High Point students take lead in genetic barcoding
Students prove research is more than just 'amateur'
Photo by Viktoria-Leigh Wagner Senior Catherine Henckel, 18 of Sussex working on barcoding macroinvertebrates in Travaille's Advanced Science Research independent study class.
Photo by Viktoria-Leigh Wagner From left, seniors Brinley Burdge of Lafayette, Catherine Henckel of Sussex and Sahil Suri of Augusta work on their independent study projects.
SUSSEX BOROUGH — High Point Regional High School student Brinley Burdge believes the research she and several other students have been doing can change lives.
Madelaine Travaille has been a science teacher at High Point since 2004. Recognizing an interest in her students to study the subject, Travaille helped create a hybrid-virtual course in 2012 called Introduction to Research in Molecular Biology. She also runs an Advanced Science Research independent study class for students who wish to conduct independent research experiments of their own design.
In the beginning of the school year, Travaille introduced the world’s largest biodiversity genomics project to her students: Barcoding Life’s Matrix.
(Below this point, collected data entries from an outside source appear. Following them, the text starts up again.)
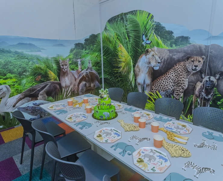 Koks gyvūnas tavo mėgstamiausias? Ar viską apie jį žinai? Ką valgo? Kur gyvena? Kada miega? O gal nemiega! Pažink džiunglių gyventojus, pakviesk juos į savo šventę. Dainuokite, šokite ir švęskite kartu. Juk Adventica - vieta, kur pildosi gimtadienio norai, o tortu vaišinasi ir džiunglių kambario gyventojai.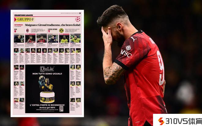 米体为米兰评分:9人不及格,皮奥利5分,吉鲁等3人4.5分最差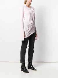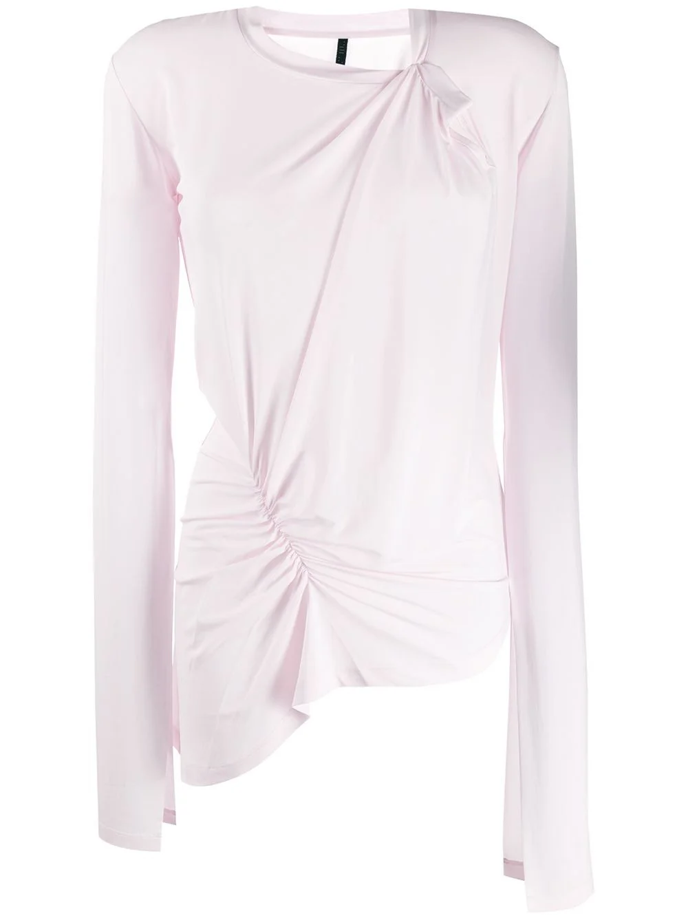 asymmetric long sleeve top Pale pink asymmetric long sleeve top from Unravel featuring a key-hole neckline, long sleeves, pleated details and an asymmetric hem. Made in Italy Composition Viscose 95%, Spandex/Elastane 5% SIZE & FIT Model measurements Height 5 ft 10 in(1.78 m) Bust/Chest 32.67 in(83 cm) Hips 35.82 in(91 cm) Waist 24.01 in(61 cm) FittingInformation This piece fits true to size. We recommend you get your regular size Cut for a slim fit Made with a lightweight stretch fabric Washing instructions Machine Wash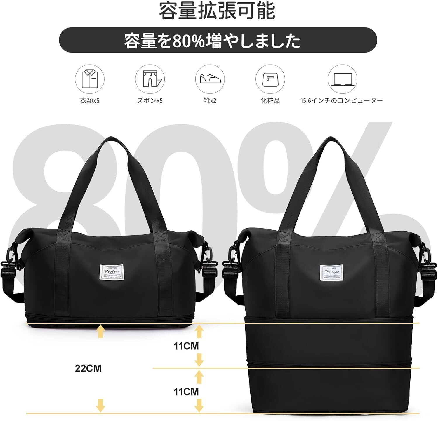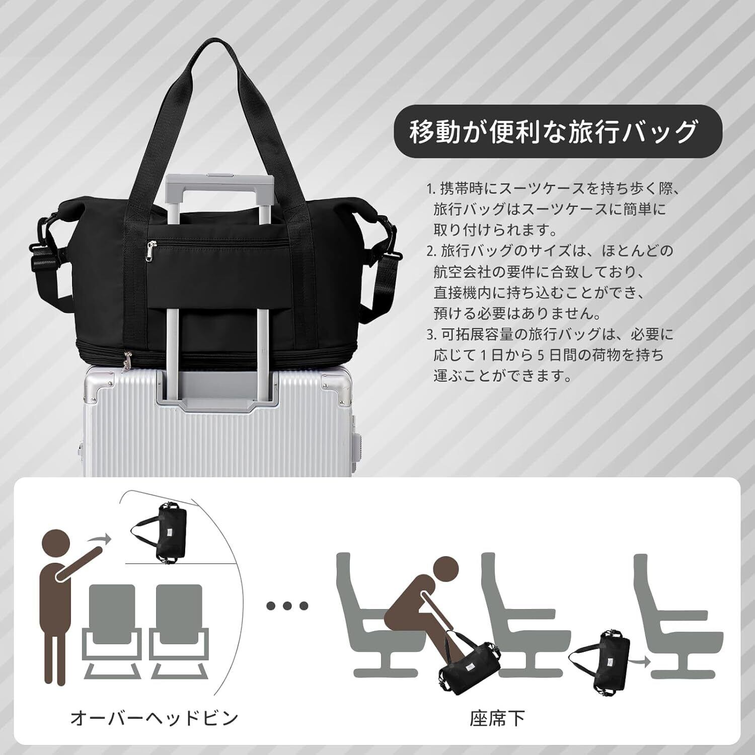 【ダブル拡張機能付き!】このバッグはダブル拡張機能を持ち、必要に応じてサイズを調整できるので、荷物の量に合わせて柔軟に対応します。旅行先でお土産を買っても安心の設計です。

Hosted by Coastal Marine Biolabs located in Ventura, Calif., with funding support from the National Science Foundation, the program allows high school students to join the global effort in, as Travaille puts it, “creating a DNA barcode reference library for all multi-cellular life.”
“My students have had the opportunity to publish their data to the Coastal Marine Biolabs Student Data Portal-Barcode of Life database,” Travaille said.
The (iBOL) International Barcode of Life project was formally launched in October 2010 with the goal of creating 5 million reference barcode records by 2015.
Seniors Catherine Henckel of Sussex and Burdge of Lafayette are students in the Advanced Science Research independent study class which, according to Travaille, will be an actual hybrid-virtual course next year called Advanced Science Research.
“Coastal Marine Biolabs provided us with the materials and reagents necessary to complete the DNA Barcoding laboratory work of 20 fish tissue samples,” Travaille said.
The first publications by Dr. Paul Hebert, director of the Biodiversity Institute of Ontario at Guelph University, that proposed DNA barcoding appeared in 2003.
“They are trying to catalogue every species on earth,” Travaille said, “I wanted my students to be a part of that.”
“DNA barcoding holds many practical uses,” Travaille said, “but proving whether or not you’re getting the expensive food you ordered in a restaurant is one example. Some restaurants have been known to cut up pig intestine — which has the same texture as calamari — and serve it to people pretending it’s the squid. People can’t tell the difference and are getting cheated out of their money.”
Classroom Close-Up — a 30-minute weekly series now in its 18th season that focuses on innovative projects happening in New Jersey public schools and airs on NJTV — visited High Point last October to highlight the school as the first in the state to participate in the Barcoding Life’s Matrix program.
On top of that, Travaille’s students were featured on the (MarBol) Marine Barcode of Life Initiative Blog in March in an article posted by Dirk Steinke, the director of Education and Outreach at Guelph University’s B.I.O.“Not many students at both the high school and college levels receive that opportunity,” Travaille admits. “The students feel like they’re making a difference with the knowledge that their data is helping scientific research. 16 students were involved, and each student published at least one sample.”
Travaille’s students also participated in the Waksman Student Scholars Program at Rutgers University, which focuses on the genomic sequence analysis of the Duckweed Landoltia punctata and how the genes in this organism compare with those of other species. Their data gathered here will be published to the (NCBI) National Center for Biotechnology Information database.